When using a single photodetector form (Figure 1), at each shot, the electro-optic signal is mainly composed of the same signal (corresponding to the stretched laser pulse shape  $S_L(t)$ ), and the information on the electric field is usually a small modulation  $\epsilon(t)$  of  $S_L(t)$ . The signal at the ADC system's input has thus the form:

$$X(t) = (1 + \epsilon(t)) S_L(t), \qquad (2)$$

which means that, using a single photodetector, most of the ENOB of the ADC board would be used for recording the laser shape, and a only small fraction of the ENOB would be effectively used for recording the information  $\epsilon(t)$ . An effective solution consists of using a balanced photodetector, in order to subtract the signal S(t) before digitization, thus using the full ENOB of THERESA for recording the electro-optic signal  $\epsilon(t)$ . Two alternate strategies have been successfully tested, up to now using classical oscilloscopes:

- 1. One solution consists of subtracting the laser pulse shape  $S_L(t)$  at each shot. This technique has been tested at KARA,<sup>20</sup> for recording the Coulomb field of electron bunches, and at SOLEIL<sup>46</sup> for recording freely propagating THz pulses.
- 2. A second solution is based on the fact that the photonic front-end can provide two complementary signals. Subtracting these two signals, using a balanced detector, is thus also a natural solution, which has been implemented in several experiments.<sup>7, 47, 48</sup> One example of front-end with balanced detection is represented in Figure 9.

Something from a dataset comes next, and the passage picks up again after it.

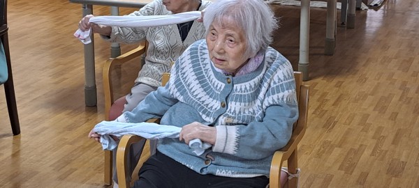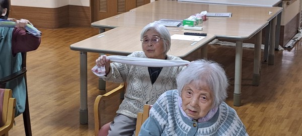 「体が柔らかくなりました。とても楽しいですね」と仰られ、とても笑顔溢れるリモート体操のお時間を

Figure 9: Detail of one of the photonic front-ends compatible with THERESA. A chirped laser pulse is modulated by the electric field under interest, using the Pockels effect in an electro-optic crystal. Then several layout options are possible. Here we display the version where the two outputs can be subtracted at the analog level.<sup>47,48</sup> THERESA is also expected to be compatible with the so-called DEOS scheme for achieving even larger bandwidth (see text and Reference<sup>49</sup>). Note that Brewster plates are optional and have the effect of increasing the sensitivity, typically by one order of magnitude.<sup>47</sup> Options that avoid the use of polarization maintaining (PM) fibers are also possible (see, e.g., Reference<sup>7</sup>). YDFA: Ytterbium-doped amplifier, GaP Xtal: Gallium Phosphide crystal.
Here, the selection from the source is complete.